Steam turbines use conventional radial vibration and thrust position measurements, but once the size exceeds about 30MW, an additional complement of measurements will be present. These measurements are known as TSI (Turbine Supervisory Instrumentation) and are detailed in a companion publication available here. Most combined cycle plants employ steam turbines larger than 30MW and will thus incorporate TSI measurements. Likewise, most conventional thermal power plants will use trains that range in size from 50MW to over 900MW and will also incorporate TSI measurements. Nuclear plants are designed with large reactors for economies of scale and the steam turbines in such plants are consequently very large, ranging in size from about 700MW to as large as 1800MW – enjoying the distinction of being the most powerful rotating machines in the world. In contrast, geothermal plants generally have smaller machines that rarely exceed 20MW and typically use only conventional measurements rather than TSI measurements. Concentrated solar plants (CSPs) are still relatively few in number, but typically have steam turbines ranging in size from 2MW up to about 200MW in size and may thus also have TSI measurements in addition to conventional measurements.
Vibro-meter has extensive experience monitoring steam turbines in all configurations and settings, whether combined-cycle, conventional thermal, geothermal, or nuclear. Our solutions are often supplied for new combined-cycle plants where we monitor both gas and steam turbines, but we are equally proficient in providing retrofits to aging steam turbine monitoring systems. Indeed, many conventional thermal and nuclear plants were commissioned decades ago and their instrumentation systems are now reaching or have surpassed their intended design life. We are able to replace the protection systems and sensors2, and augment these systems with condition monitoring if it is not already present.
In other situations, an outage may not be planned for some time and it is desirable to keep the underlying protection systems and sensors intact while either installing a condition monitoring system for the first time, or replacing an aging and/or unsupported condition monitoring system. Indeed, a recent case history where we delivered such an upgrade can be found here.

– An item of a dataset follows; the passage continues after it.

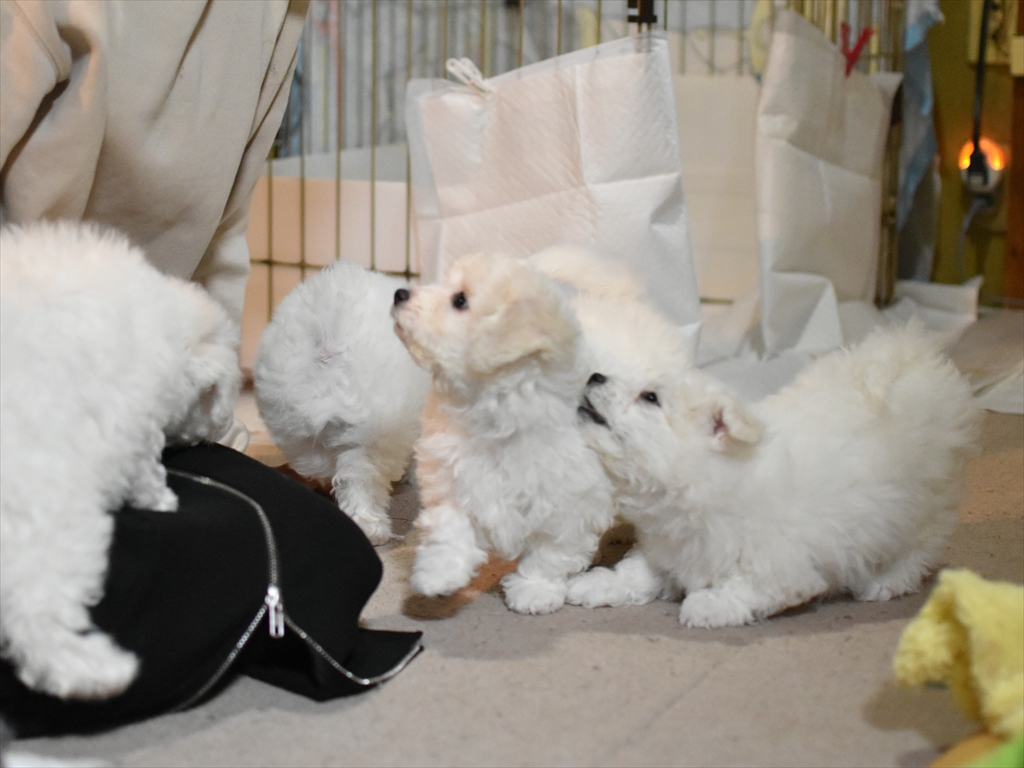 愛知県名古屋市にある、子犬販売ドッグサーチ店(SUGASHO犬舎)のビションフリーゼ子犬たちを紹介しています。

Lastly, because we have expertise on both gas and steam turbines, and because both machine types are often found in many plants, a single system and a single provider can be trusted to address all of your machinery along with the turnkey services scope to address any type of project, whether greenfield or brownfield. You can learn more about these offerings and the measurements made on steam turbines by visiting our steam turbine application page and by contacting your nearest vibro-meter sales professional.
Figure 7: In addition to our products, vibro-meter has an extensive portfolio of turnkey services for projects involving steam turbines, gas turbines, and their driven machines.
1“Combined Cycle Power Plants” IMIA Working Group Paper 91 (15); page 14, IMIA Annual Conference 2015, Merida (Yucatán), Mexico, 26-30 September 2015. Retrieved Sept 15, 2022.
2 Many older turbines are under-instrumented and can benefit from additional sensors – not just new sensors that retain the existing mounting locations and bracketry.